或许,是同乡。

  细细地思量起来,老家真是个奇怪的概念。
  填籍贯,要写父亲的家,干嘛不填姥姥家呢?父亲的家跟你究竟有什么关系?他生在那儿,你生在这儿,他从那里走出来了,你从这里走出去了。人,本是偶然落生,飘游一世,为什么非得给自己后补上个根,而且非得把父亲的诞生地系在自己的腰眼上?
够得上老家的老家,必定是农村。不论衣锦还乡,落魄归里,全是回到那老不改模样的村子去。若是有谁说自己祖籍北京、上海或是纽约什么的,连我也觉着不踏实,便一定迫溯到这人的爷爷,或者爷爷的爷爷也是从土坷垃里爬出来的才心满意足。
生养了父辈的土地,竟是那样地关情?
  说是老家,剩了一个叔,自然还有一个婶儿,扯着一群接接连连随意撒下的种,竟有七八个该我称兄道弟、呼姐唤妹的乡下孩子。早些年,叔有时来一趟,背一口袋红枣和煎饼来,扛一包我们穿不下的旧衣裳走。每年秋天,寄来一个大小总一样的包裹,装二斤花生米。再后来,来人,来信,次次为钱,并且那款数也越来越大。人小,私下里帮父亲算计,想起父亲讲的笑话,他小时候农民都说:皇上日子好哟,天天喝香油!老家人怕是想,你们在京城吃皇粮,那日子跟喝香油也差不多。小心眼儿里便不由嘀咕:连你们孩子娶媳妇、盖房子也该我们管?这老家呀!给了钱,还添生分,一个觉得不少,一个嫌不多。再往后,房盖上了,信渐稀了。听说老家在变样儿,自个儿能顾自个儿了,自个儿就顾自个儿了。到城里也能随便买到鲜花生,能存上一口袋花生米时,忽然发现,咦,花生米也不见寄来了。 
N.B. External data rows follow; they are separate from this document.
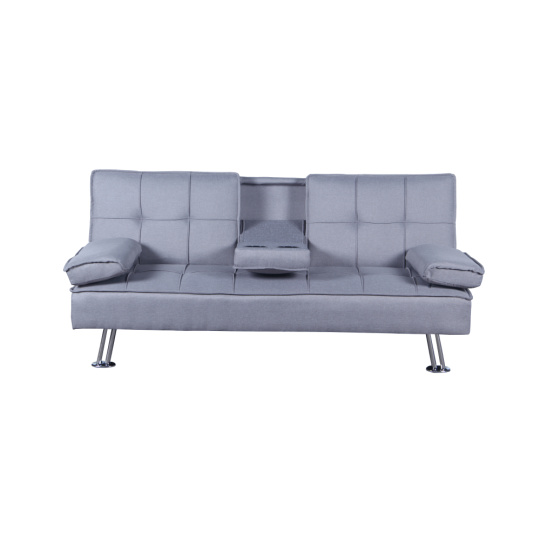 Rozkládací pohovka GOLDIA NEW Materiál: látka/kov Oděruodolnost látky podle testu Martindale: 60 000 oděrů Barva: šedá Rozměry (ŠxHxV): 167x86x76 cm Rozkládací Plocha na spaní (ŠxD): 167x100 cm Sklápěcí střední opěrka Výška sedu: 37 cm Hloubka sedu: 50 cm Výška zádové opěrky: 45 cm Výška nožiček: 18 cm Opěrka na ruce (ŠxH): 23x45 cm Nosnost: 160 kg Dodáváno se dvěma polštáři Dekorativní prošití opěradla a sedáku Dodáváno v demontu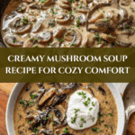 This Creamy Mushroom Soup is a comforting and flavorful dish made with sautéed mushrooms, aromatic onions, garlic, and thyme, simmered in a savory broth and finished with rich cream. Perfect as a warming starter or a satisfying main, this soup balances earthiness with creaminess, offering a luscious texture and depth of flavor that’s easy to prepare on the stovetop.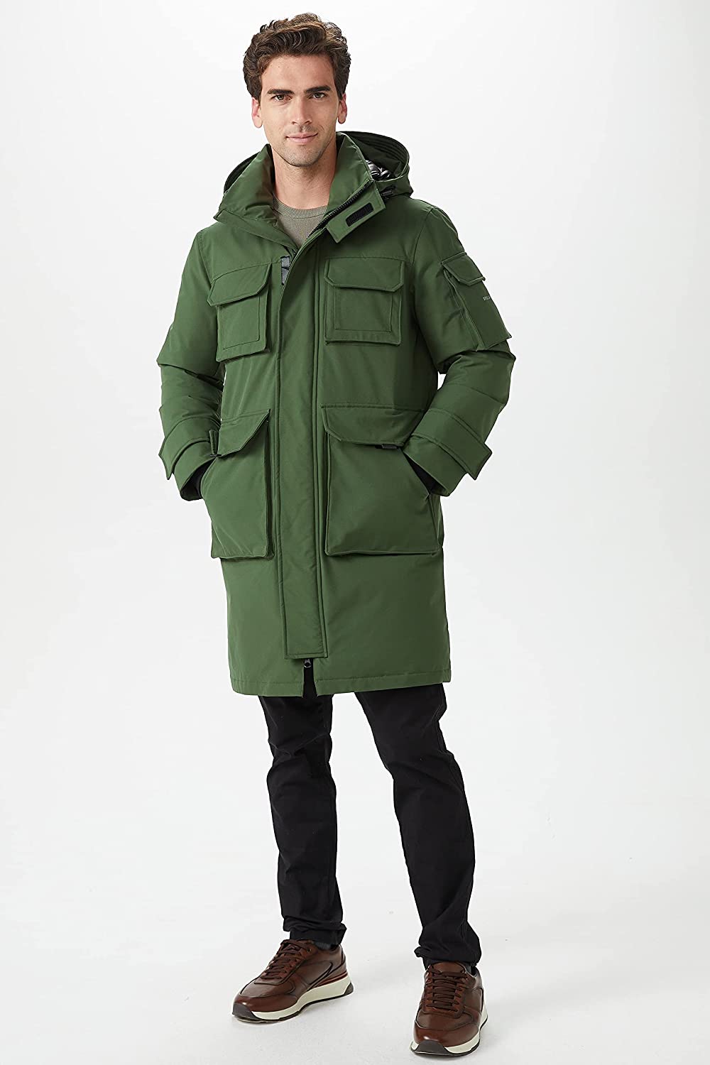 Orolay Men's Warm Hooded Parka Down Coat Thickened Winter Jacket with Multi-Pockets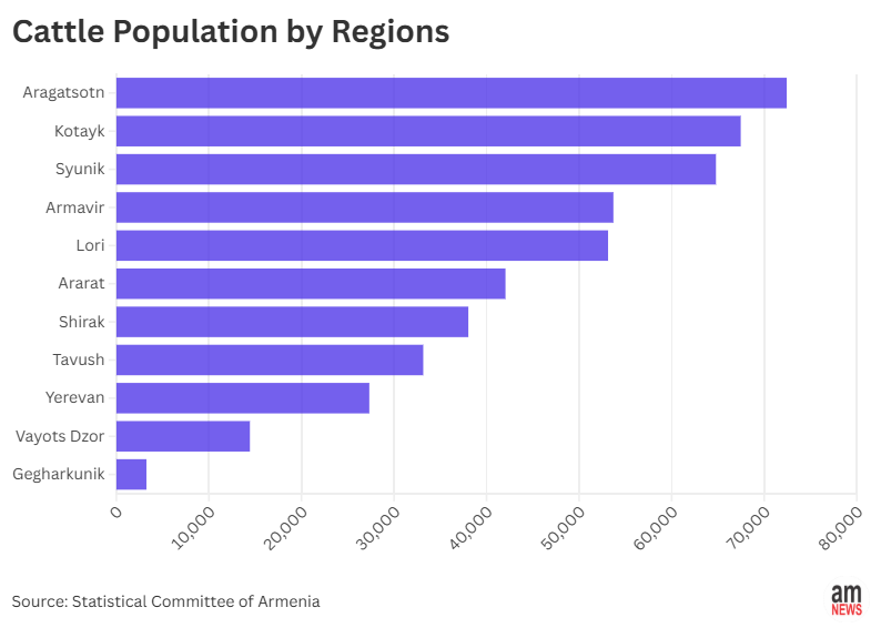 Gegharkunik region leads Armenia in terms of the number of cattle.

  就这远远、淡淡,又叫人有点怕沾的老家,人生使命似的,早晚必定得回一趟。于是,十几年前,我从北大荒挪到湘南,从屯垦戍边的兵团战士变成正规军的小当兵的时候,回过一趟老家。照风俗,提盒点心,拎两瓶酒,除了叔和婶子,啥人也不想拜见,啥地方也不想参观,有什么可看的呢!穷,还是穷。蹲了半个月,忍一忍厕所、用水的艰难,干一干农活儿--参加劳动,那时是自然,是必须,还必须是自愿,心里可真干得烦。天天,顿顿,啃一啃白薯面的煎饼。走人。